- [Your task]: The reply should contain every entry below exactly as written, with no images.

---- Material to process

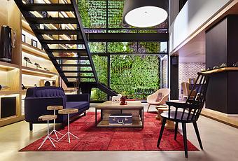 El hotel fue diseñado por Plan B Arquitectos en colaboración con Perceptual Studio y destaca por su interiorismo de diseño, con elementos bastante llamativos, como la "lámpara taza" del hall o la iluminación del restaurante, con esas lámparas que nos recuerdan a la Potence de Prouvè.
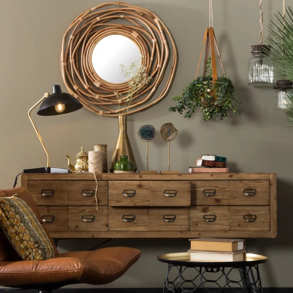 Van de Dutchbone Six ladekast knapt elk interieur op: de brede kast van vurenhout brengt veel, heel veel sfeer! Het vurenhout is voorzien van een antieke finish die perfect samengaat met de stalen handgrepen in vintage stijl. Aan de binnenkant zijn de 6 lades bekleed met textiel. Een gezellige en karaktervolle ladekast!
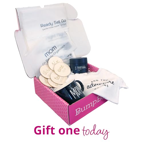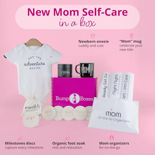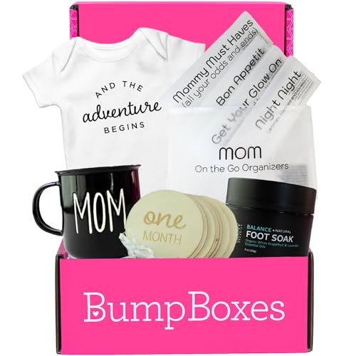 Bump Boxes 3rd Trimester & Postpartum Gift Set for New Moms with Milestone Disc, Baby Onesie, Travel Bags, Ceramic Mug, Organic Foot Soak, Gift for Mother to Be
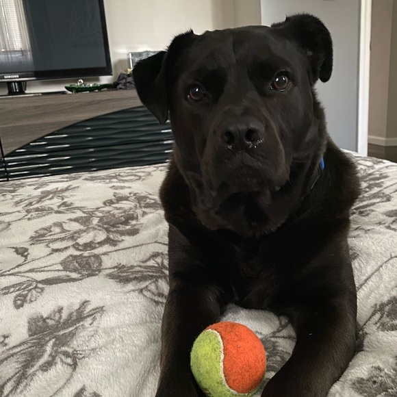 This playful black dog is ready for fun with its vibrant tennis ball. Perfect for energetic playtime.
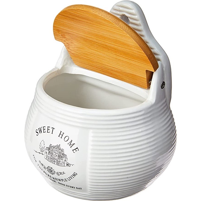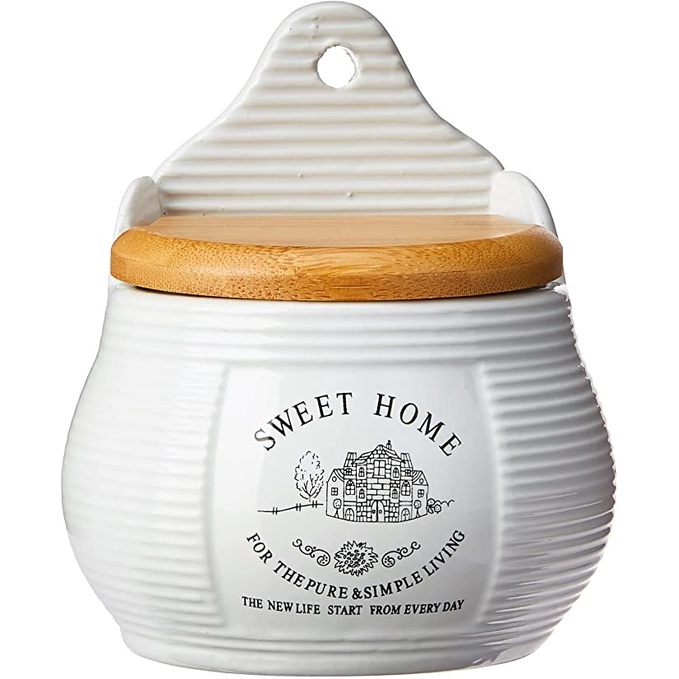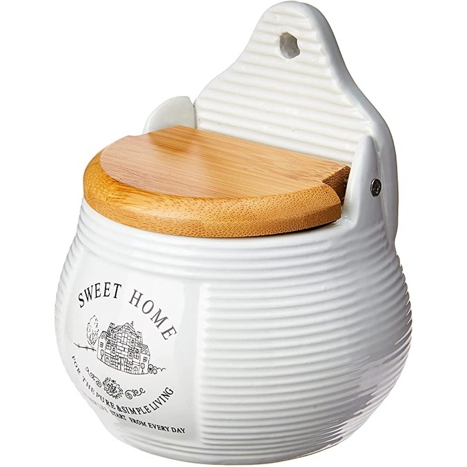 Saleiro de Parede em Cerâmica com Tampa de Bambu Sweet Home - Lyor

--------

- [Task result]:
 El hotel fue diseñado por Plan B Arquitectos en colaboración con Perceptual Studio y destaca por su interiorismo de diseño, con elementos bastante llamativos, como la "lámpara taza" del hall o la iluminación del restaurante, con esas lámparas que nos recuerdan a la Potence de Prouvè.
 Van de Dutchbone Six ladekast knapt elk interieur op: de brede kast van vurenhout brengt veel, heel veel sfeer! Het vurenhout is voorzien van een antieke finish die perfect samengaat met de stalen handgrepen in vintage stijl. Aan de binnenkant zijn de 6 lades bekleed met textiel. Een gezellige en karaktervolle ladekast!
 Bump Boxes 3rd Trimester & Postpartum Gift Set for New Moms with Milestone Disc, Baby Onesie, Travel Bags, Ceramic Mug, Organic Foot Soak, Gift for Mother to Be
 This playful black dog is ready for fun with its vibrant tennis ball. Perfect for energetic playtime.
 Saleiro de Parede em Cerâmica com Tampa de Bambu Sweet Home - Lyor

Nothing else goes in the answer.